A interesting portion of my conjecture is that if n is composite then each factor of n must be of the form a^2 + Mab + b^2 but as you said in the last post M = 13 is a problem since a = 0 and b = 3 is a trival result, which I think is removed by the requirement that gcd(c,d) must equal 1. However, your showing that $$3x37^2=26^2+73^2-26x73$$ needs to be considered. There $$c = 73^2 - 26^2 = 4653$$ Since 3|4653 then the gcd(c,d) at least equals 3. Thus this does not contradict my conjecture that all n of the general form where gcd(c,d) = 1 can be expressed as a product of primes each of which is of the form where the gcd(c,d) = 1.

PS Do you have any suggestion of how to extend this to the general form where |M|>2?

If my conjecture is true this result can find large primes by keeping a = 1, b = 2 and choosing a large M not divisible by 3 such that the gcd(c,d) = 1.

 

[ramsey2879]

If my conjecture is true this result can find large primes by keeping a = 1, b = 2 and choosing a large M not divisible by 3 such that the gcd(c,d) = 1.

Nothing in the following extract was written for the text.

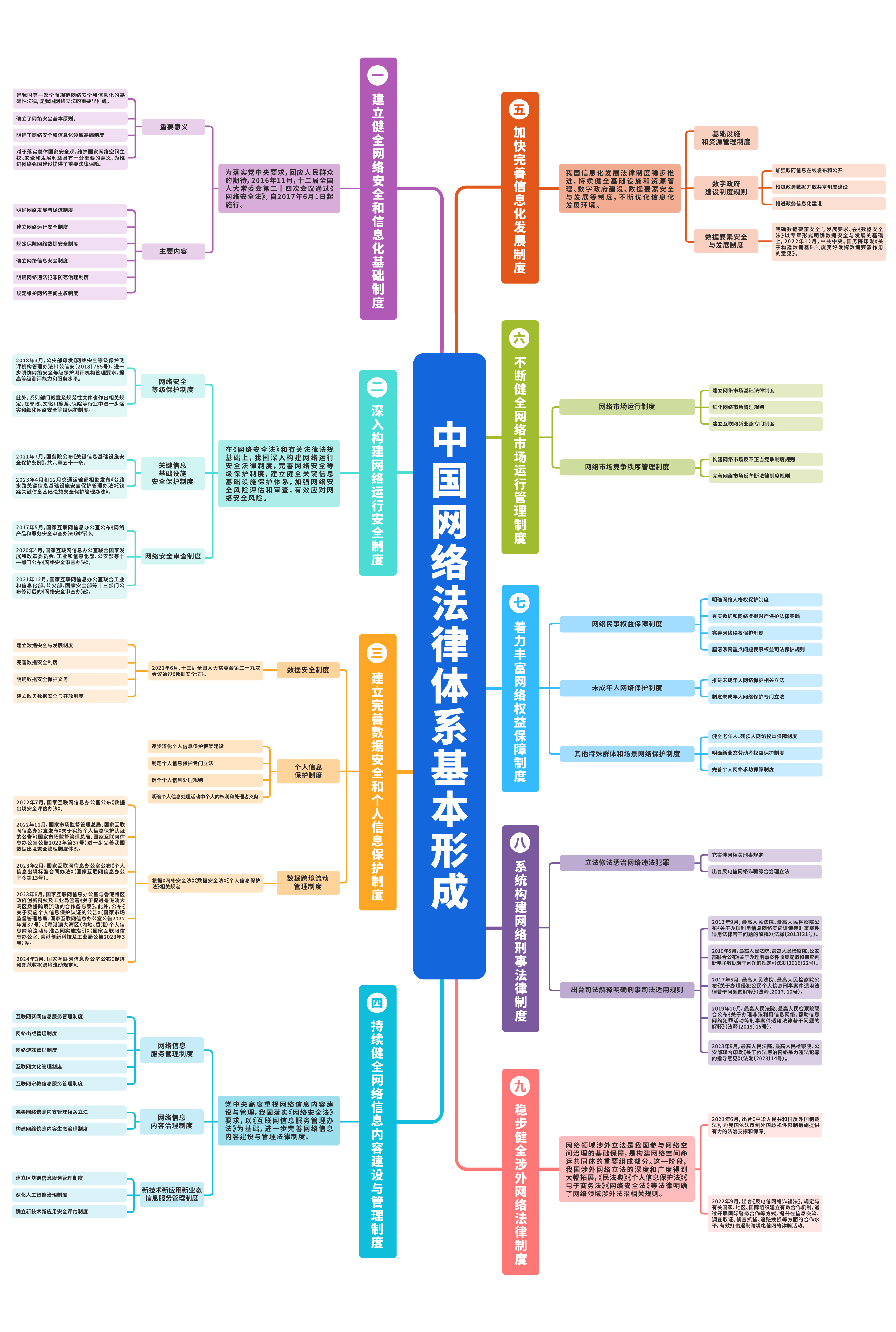 报告显示,中国坚持科学立法、民主立法、依法立法,把握互联网发展规律,大力推进网络法律制度建设。截至目前,中国制定出台了网络领域立法150多部,形成了以宪法为根本,以法律法规为依托,以传统立法为基础,以网络专门立法为主干的网络法律体系,搭建了中国网络法治的“四梁八柱”,为网络强国建设提供了坚实的制度保障。点击查看思维导图,看中国网络法律体系行稳致远。(见习记者 孙也婷 记者 刘洪侠 设计 朱钧有)

I just realized that if a = 1 and b = 2, gcd(c,d) = gcd(2ab + Mb^2,b^2-a^2) which equals gcd(-3,4+4M) = 1 for M = 0 or 1 mod 3, but 5 + 2M is not prime for all M = 0 or 1 mod 3. I need to consider this further.

 

[ramsey2879]

hj

Now that I had more time to consider this I did make a typo in the formula for d it should have been 2ab +mb^2 so my form reduces to 0^2 -0*3 + 3^2 = 3^2

Note That If you square $$a-b\omega$$ you get $$a^2 - 2ab\omega + b^2\omega^2 = a^2-b^2 - (2ab+b^2)\omega$$ so c = a^2-b^2 and d = (2ab+b^2).

Thus c^2 +cd + d^2 = [-c]^2 -[-c]d + d^2 = n^2 which is my result.

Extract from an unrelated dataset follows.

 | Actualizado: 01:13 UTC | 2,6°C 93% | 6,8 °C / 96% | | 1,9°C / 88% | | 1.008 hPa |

Also this proves that gcd(c,d) divides n since each term on the left of my equation is divisable by the square thereof.

...
If my conjecture is true this result can find large primes by keeping a = 1, b = 2 and choosing a large M not divisible by 3 such that the gcd(c,d) = 1.

I found that if we let $$a = 2$$ and $$b = 1$$ then any odd number greater than 5 can be expressed in the form $$N = 5 + 2M = a^2 + Mab + b^2$$ and so the square is of the form $$N^2 = c^2 + cdM + d^2$$ where $$c = 3$$ and $$d = 4 + M$$. Of course $$M = (N -5)/2$$.

Now If 3|N then 3|d and gcd(c,d) $$\neq$$ 1 but if 3 does not divide N the gcd(c,d) = 1. I considered the relation between c,d and the factors of $$N$$.
THEOREM: If and only if $$R$$ is a factor of N then $$gcd(c+2t,d+t) = gcd(3 + 2t,(N-5)/2 + 4 + t) = R$$ for $$t = (R-3)/2$$
Proof: For $$t equals (R-3)/2$$, $$c + 2t = R$$ and $$d = (N + R)/2and$$gcd(a,n + a) = a[/tex] only if a|n.

thus 35 = 5 + 2*15, c = 3, d = 15+4 = 19

t c+2t d + t gcd(c+2t,d+t)
0 3 19 1
1 5 20 5
2 7 21 7
3 9 22 1
4 11 23 1
5 13 24 1
6 15 25 5
7 17 26 1
8 19 27 1
9 21 28 7
10 23 29 1
..
16 35 35 35

As seen the algorithm starts with the gcd of a numbers on the order of N/2 and 3 and proceeds in an orderly fashion to find the divisors of N. Is this useful or is it too much effort to be useful?